In the violin statistics, the data reveal the approach adopted by each country over the past 10 years, with Brazil showing the highest average and median number of cases among men and women, followed by Colombia and Argentina. Brazil is not only the largest country, but also holds the largest population in South America compared to its neighbors. In this context, it is important to highlight a recent initiative that may positively influence national indicators: the Programa Brasil Saudável (Healthy Brazil Program), launched in 2024 by the Federal Government. This interministerial strategy is aimed at eliminating socially determined diseases, including HIV/AIDS. The program promotes integrated actions across health, education, social assistance, and infrastructure sectors, with special focus on vulnerable populations and priority territories. Although results are still in the early stages of measurement, the initiative has already shown meaningful progress, including expanded diagnostic coverage and enhanced epidemiological surveillance. The inclusion of HIV among the target diseases reinforces Brazil’s commitment to increasing access to diagnosis, treatment, and the fight against vertical transmission, in line with the UN 2030 Agenda and the guidelines of the Pan American Health Organization. Regarding Guyana, although this country has one of the highest detection rates, its average number of cases in the violin statistics was lower than Venezuela’s, which indicates greater consistency and effectiveness of health services in Guyana. This panoramic view of the countries analyzed underscores how the implementation and strengthening of HIV/AIDS public policies are reflected in society. Greater program implementation tends to lead to broader availability of testing, diagnosis, and case detection. However, the fragility of health education continues to contribute directly to rising case numbers in these regions (14–17).

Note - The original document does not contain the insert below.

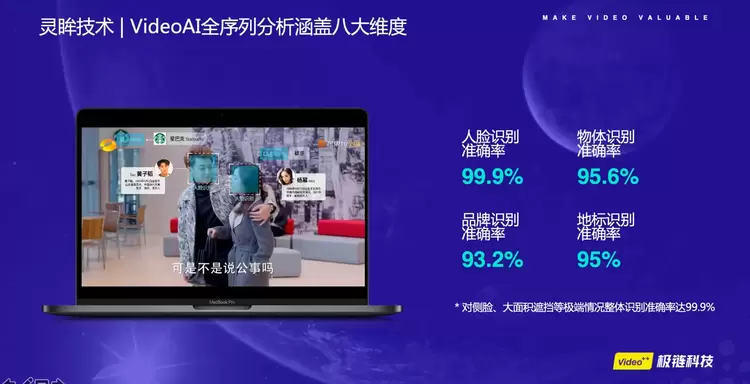 目前VideoAI可以通过独创的全序列采样,对视频内的场景、物体、人脸、品牌、表情、动作、地标、视觉特征检索8大维度进行数据结构化,32轨迹流同时追踪,通过复合推荐算法将元素信息升级为情景信息,直接赋能各种商业化场景。前沿的视频AI技术让极链真正做到了自动化与智能化的AI广告投放。

In the linear regression analysis, Bolivia was the only country with a significant trend coefficient, coefficient of determination, and p-value, showing an upward trend over the last 10 years. According to the World Health Organization, Bolivia is one of only three Latin American countries that increased spending on healthcare services. Thus, this high rate may be linked to reforms in Bolivia’s unified public health system model, including greater investments in infrastructure, equipment, and human resources to serve both the general population and vulnerable groups. The improvements in HIV- related services have been so significant that the country is now proposing amendments to its HIV law, aiming to provide comprehensive and free treatment for all people living with HIV/AIDS (18, 19).
Most countries showed a significant decline in 2020 according to linear regression, ARIMA, and joinpoint models, driven by the COVID-19 pandemic, which diverted most public health services toward COVID-19 response. However, countries like Brazil, Argentina, Peru, Suriname, Guyana, Paraguay, and Bolivia experienced an increase in new case rates between 2021 and 2023. This trend may be linked to improved reporting, enhanced healthcare services, public awareness campaigns, and health education initiatives. Nevertheless, country-specific economic, political, and social factors likely influenced these rates. For instance, Argentina’s economic crisis may significantly impact its HIV/AIDS public policies—a major public health concern. Similarly, data reporting deficiencies in Venezuela and Suriname raise alarms: the former faces socioeconomic and political conflicts that directly disrupt healthcare services and data reporting, while the latter suffers not only from healthcare system limitations but also from stigma and insufficient investment in public policies (20–23).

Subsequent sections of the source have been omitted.